Re: [PATCH net-next v2] net: ctnetlink: support filtering by zone

From: Felix Huettner
Date: Fri Feb 02 2024 - 07:24:24 EST


On Fri, Feb 02, 2024 at 12:12:03PM +0100, Pablo Neira Ayuso wrote:
> On Fri, Feb 02, 2024 at 12:04:35PM +0100, Ilya Maximets wrote:
> > On 12/22/23 13:01, Pablo Neira Ayuso wrote:
> > > On Mon, Nov 27, 2023 at 11:49:16AM +0000, Felix Huettner wrote:
> > >> conntrack zones are heavily used by tools like openvswitch to run
> > >> multiple virtual "routers" on a single machine.

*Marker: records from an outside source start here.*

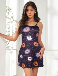 Product Name Purple Print Suspender Home Wear Pajama
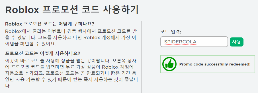 마찬가지로 코드 입력창에 SPIDERCOLA라고 입력해 주세요~
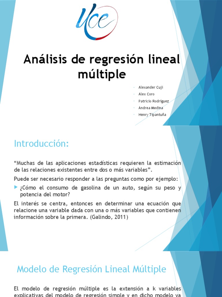 Mltiple Tiene una nica ecuacin y varias variables explicativas
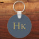 Monogram Elegant Classic Navy Blue Gold Monogrammed Initials Keychain
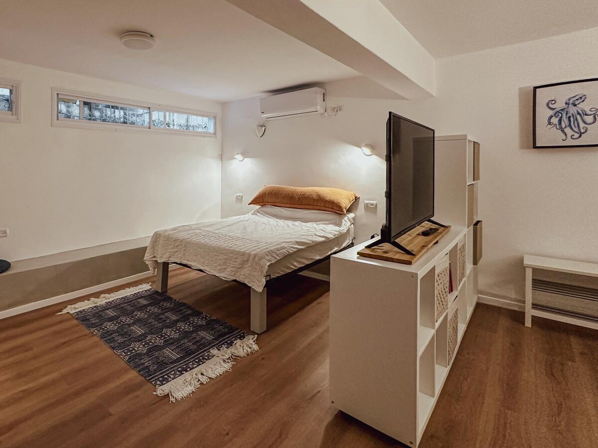從頭開始翻新的寬敞明亮的單間公寓,設有獨立入口和花園供您獨享,位於獨立樓層,在柑橘樹下遮蔭(樓梯下降到單位) 在單位內,您可以享用設備齊全的小廚房(冰箱、微波爐、電爐、水壺、咖啡機、餐具和烹飪用具)、寬敞的廚房島、配有360度旋轉智能電視的休息區、舒適的雙人床和私人浴室。 地理位置非常好,步行約5分鐘即可抵達迷人的咖啡廳、24小時超市和公共交通工具。 卡梅爾中心(Carmel Center)步行10-12分鐘即可抵達。 適合在市中心尋找安靜、綠色和舒適的人士。 街邊有免費停車位

In this context each
> > >> conntrack zone matches to a single router, thereby preventing
> > >> overlapping IPs from becoming issues.

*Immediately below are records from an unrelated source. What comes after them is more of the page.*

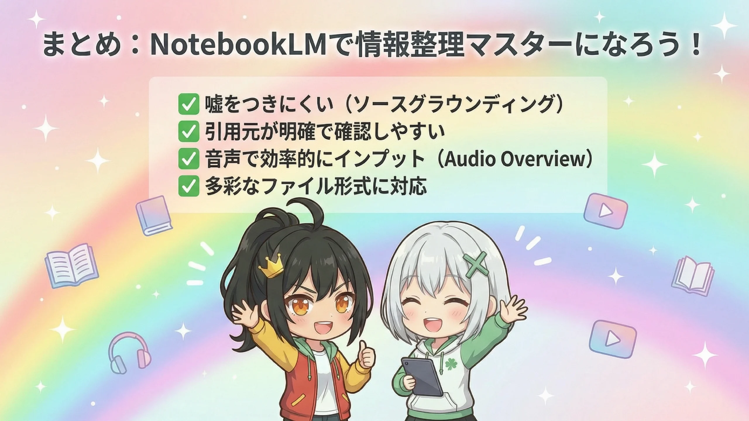 はい!今回ご紹介したNotebookLMのポイントをまとめると...
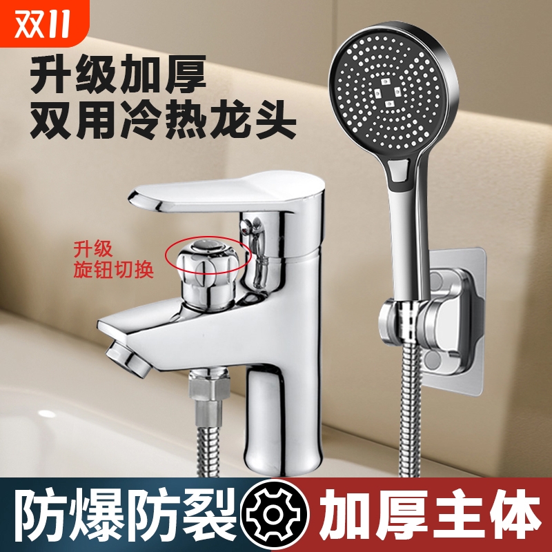 单孔面盆水龙头带淋浴花洒台盆洗脸盆冷热水双用浴室洗头龙头拉伸
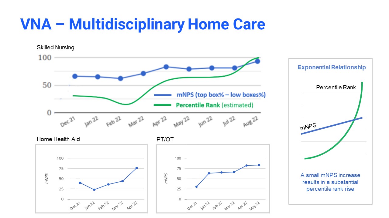 Implementing SmartContact™ led to a significant boost in the HHCAHPS composite score for communication between providers and patients. Moreover, the modified net promoter score (mNPS) showed a positive trend across all staff types, including nurses, social workers, and physical therapists. This metric, which measures the difference between satisfied patients and those with less favorable experiences, underscores the tangible impact of SmartContact™ on patient satisfaction and healthcare provider performance.
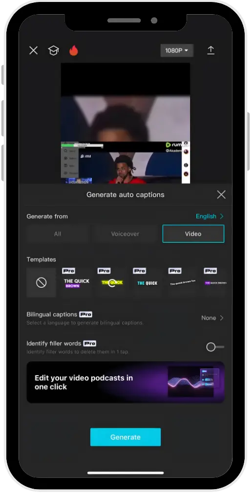 - Auto Captions: It automatically converts spoken words into text and adds subtitles to videos. This saves time and helps viewers understand content clearly, even without sound.

> > >> In these systems it is common to operate on all conntrack entries of a
> > >> given zone, e.g. to delete them when a router is deleted. Previously this
> > >> required these tools to dump the full conntrack table and filter out the
> > >> relevant entries in userspace potentially causing performance issues.
> > >>
> > >> To do this we reuse the existing CTA_ZONE attribute. This was previous
> > >> parsed but not used during dump and flush requests. Now if CTA_ZONE is
> > >> set we filter these operations based on the provided zone.

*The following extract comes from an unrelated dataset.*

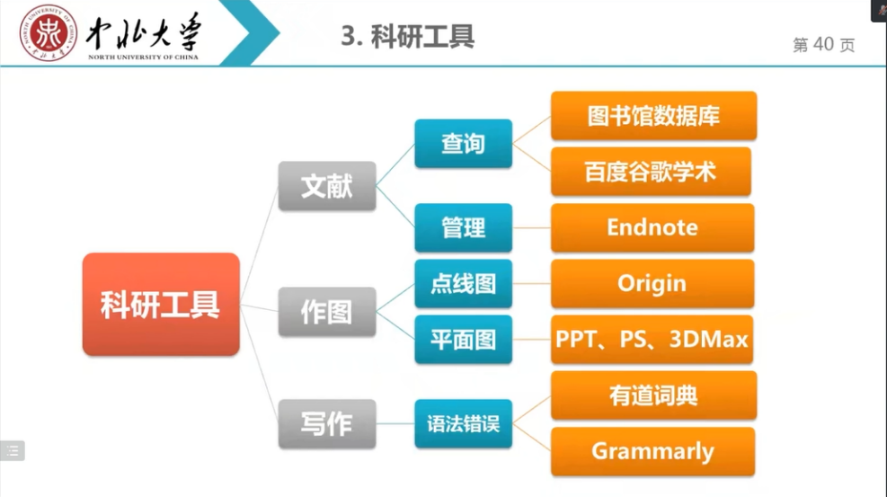 刘磊老师毕业于北京航空航天大学,主要从事碱金属离子基电致变色储能器件、宽频谱及电磁屏蔽电致变色储能器件等方面的研究,发表高水平论文十余篇,他引次数200余次,主持国家自然科学青年基金和山西省自然科学青年基金各一项。刘磊老师首先结合自身的科研经历,从如何进行国内外现状研究入手,深入浅出的介绍了电致变色的概念、原理及其应用前景。通过刘老师的讲述,同学们对电致变色产生了极大兴趣,也为研究方向相近的同学们提供了很多的帮助。其次,刘老师针对“研究生阶段如何选题、实验、文献阅读及学术论文攥写”等同学们密切关注的问题分享了自己宝贵的经验,并与同学们热烈讨论。最后,刘老师分享了很多实用的科研工具,并对其使用方法逐一进行了详细讲解。

> > >> However this means that users that previously passed CTA_ZONE will
> > >> experience a difference in functionality.
> > >>
> > >> Alternatively CTA_FILTER could have been used for the same
> > >> functionality. However it is not yet supported during flush requests and
> > >> is only available when using AF_INET or AF_INET6.
> > >
> > > For the record, this is applied to nf-next.
> >
> > Hi, Felix and Pablo.
> >
> > I was looking through the code and the following part is bothering me:
> >
> > diff --git a/net/netfilter/nf_conntrack_netlink.c b/net/netfilter/nf_conntrack_netlink.c
> > index fb0ae15e96df..4e9133f61251 100644
> > --- a/net/netfilter/nf_conntrack_netlink.c
> > +++ b/net/netfilter/nf_conntrack_netlink.c
> > @@ -1148,6 +1149,10 @@ static int ctnetlink_filter_match(struct nf_conn *ct, void *data)
> > if (filter->family && nf_ct_l3num(ct) != filter->family)
> > goto ignore_entry;
> >
> > + if (filter->zone.id != NF_CT_DEFAULT_ZONE_ID &&
> > + !nf_ct_zone_equal_any(ct, &filter->zone))
> > + goto ignore_entry;
> > +
> > if (filter->orig_flags) {
> > tuple = nf_ct_tuple(ct, IP_CT_DIR_ORIGINAL);
> > if (!ctnetlink_filter_match_tuple(&filter->orig, tuple,
> >
> > If I'm reading that right, the default zone is always flushed, even if the
> > user requested to flush a different zone. I.e. the entry is never ignored
> > for a default zone. Is that correct or am I reading that wrong?
> >
> > If my observation is correct, then I don't think this functionality can
> > actually be used by applications as it does something unexpected.
>
> This needs a fix, the NF_CT_DEFAULT_ZONE_ID is used as a marker to
> indicate if the filtering by zone needs to happen or not.
>
> I'd suggest to add a boolean flag that specifies that zone filtering
> is set on.

Hi Pablo and Ilya,

thanks for finding that.
i will build a fix for that.